Keywords: AUC, cesarean section, decision curves, receiver operating characteristic curves, relative utility curves

1. Introduction

Many statisticians evaluate an additional marker for risk prediction using the change in the area under the receiver operating characteristic (ROC) curve, often denoted AUC [1]. An important issue is how to interpret a small change in AUC. For example an estimate of the risk of later non-elective operative delivery (instrumental vaginal delivery or cesarean section) can help a woman in labor decide if she wants an early elective cesarean section to avoid greater complications from possible later non-elective operative delivery. Schuit et al.[2] constructed two risk prediction models for later non-elective operative delivery. Model 1 was a baseline model involving only antepartum markers (maternal age, parity, previous cesarean section, diabetes, gestational age at delivery, gender, and ultrasonic estimated fetal weight). Model 2 was an extended model that added to the antepartum markers a set of intrapartum markers (induction of labor, oxytocin augmentation, fever, rupture of membranes after 24 hours, epidural analgesia, meconium-stained amniotic fluid, and the use of ST-analysis). In our evaluation, the use of Model 2 instead of Model 1 increased the AUC from 0.73 to 0.75. We questioned whether this small improvement in AUC with Model 2 versus Model 1 is worth the “cost” in time and money of increased data collection on intrapartum markers.

1.1 Why decision analysis

In recent years many researchers have criticized the use of change in AUC for evaluating the performance of an additional marker for risk prediction. As noted by Biswas et al., [3] “The area under the ROC curve (AUC) has been the standard for evaluating the discrimination ability of a risk prediction model. However, in the past few years, it has been increasingly recognized that changes in AUC are not sensitive when few potentially useful factors (such as biomarkers) are added to a model that already comprises standard risk factors”. Similarly, Spitz et al. [4] wrote “The receiver operating characteristics curve may not be sensitive to differences in probabilities between models and, therefore, may be insufficient to assess the impact of adding new predictors. A very large independent association of the new marker is required for a meaningful improvement in AUC, and a substantial gain in performance may not yield a substantial increase in AUC.” The following syllogism summarizes the aforementioned viewpoint.

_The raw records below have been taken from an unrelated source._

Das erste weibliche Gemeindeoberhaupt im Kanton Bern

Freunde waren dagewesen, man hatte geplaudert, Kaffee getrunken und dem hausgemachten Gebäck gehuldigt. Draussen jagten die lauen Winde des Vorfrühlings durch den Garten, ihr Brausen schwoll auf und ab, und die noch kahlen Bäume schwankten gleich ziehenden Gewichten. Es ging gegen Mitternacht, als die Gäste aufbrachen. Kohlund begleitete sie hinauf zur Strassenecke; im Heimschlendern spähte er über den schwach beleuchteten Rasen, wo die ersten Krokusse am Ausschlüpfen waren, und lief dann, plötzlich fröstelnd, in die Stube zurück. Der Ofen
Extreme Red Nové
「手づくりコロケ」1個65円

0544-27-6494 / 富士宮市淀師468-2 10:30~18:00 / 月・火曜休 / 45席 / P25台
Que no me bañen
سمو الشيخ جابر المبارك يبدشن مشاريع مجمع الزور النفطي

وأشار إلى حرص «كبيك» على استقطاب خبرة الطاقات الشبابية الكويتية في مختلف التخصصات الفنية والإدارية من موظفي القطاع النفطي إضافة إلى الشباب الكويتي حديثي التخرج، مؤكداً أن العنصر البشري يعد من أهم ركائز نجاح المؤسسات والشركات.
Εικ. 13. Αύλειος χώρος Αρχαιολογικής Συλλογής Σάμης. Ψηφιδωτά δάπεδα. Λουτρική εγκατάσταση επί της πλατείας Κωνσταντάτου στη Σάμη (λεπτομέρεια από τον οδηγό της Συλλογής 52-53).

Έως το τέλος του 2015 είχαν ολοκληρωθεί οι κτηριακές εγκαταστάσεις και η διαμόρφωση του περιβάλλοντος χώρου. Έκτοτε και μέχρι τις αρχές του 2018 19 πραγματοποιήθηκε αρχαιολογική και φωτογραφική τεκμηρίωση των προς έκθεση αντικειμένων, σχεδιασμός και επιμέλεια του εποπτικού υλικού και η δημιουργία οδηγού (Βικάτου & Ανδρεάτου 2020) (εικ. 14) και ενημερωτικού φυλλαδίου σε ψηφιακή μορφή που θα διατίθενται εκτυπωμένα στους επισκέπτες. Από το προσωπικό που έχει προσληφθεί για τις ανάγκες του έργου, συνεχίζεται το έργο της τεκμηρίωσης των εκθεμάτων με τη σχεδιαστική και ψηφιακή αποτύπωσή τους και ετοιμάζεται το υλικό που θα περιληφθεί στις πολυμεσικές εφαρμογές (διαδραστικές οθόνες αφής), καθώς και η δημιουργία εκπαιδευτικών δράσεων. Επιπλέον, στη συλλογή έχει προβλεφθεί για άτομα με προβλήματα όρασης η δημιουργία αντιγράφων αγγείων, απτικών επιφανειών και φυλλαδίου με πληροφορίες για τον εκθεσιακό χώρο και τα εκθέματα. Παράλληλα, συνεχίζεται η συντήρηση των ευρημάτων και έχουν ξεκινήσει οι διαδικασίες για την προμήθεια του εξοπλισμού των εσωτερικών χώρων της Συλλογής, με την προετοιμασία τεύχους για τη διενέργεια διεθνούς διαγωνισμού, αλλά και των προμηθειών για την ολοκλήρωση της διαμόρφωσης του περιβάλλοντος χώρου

  1. A risk prediction marker has a large odds ratio after adjustment for other markers.

  2. The addition of the risk prediction marker increases AUC only slightly.

  3. Therefore the increase in AUC is a poor metric for evaluation.

The flaw in the syllogism is the unsupported assumption that a large odds ratio trumps a small increase in AUC for deciding if the addition of the risk prediction marker is worthwhile. As Pencina et al. [5] note, “the fact that markers with very large effect sizes are needed to increase the AUC does not automatically imply that small increases are sufficient and likely to translate into meaningful gains in clinical performance. “Because the odds ratio and AUC are both purely statistical and measuring different quantities, it is not possible to decide which is more informative. A way out of this dilemma is a decision analytic approach that includes costs and benefits. Along these lines Pencina et al. [5] compared change in AUC to the change in the decision-analytic metrics of net benefit and relative utility. Here we discuss the interpretation of a decision-analytic metric, the test tradeoff, which can be derived from a difference in net benefits or relative utilities and is used in a sensitivity analysis.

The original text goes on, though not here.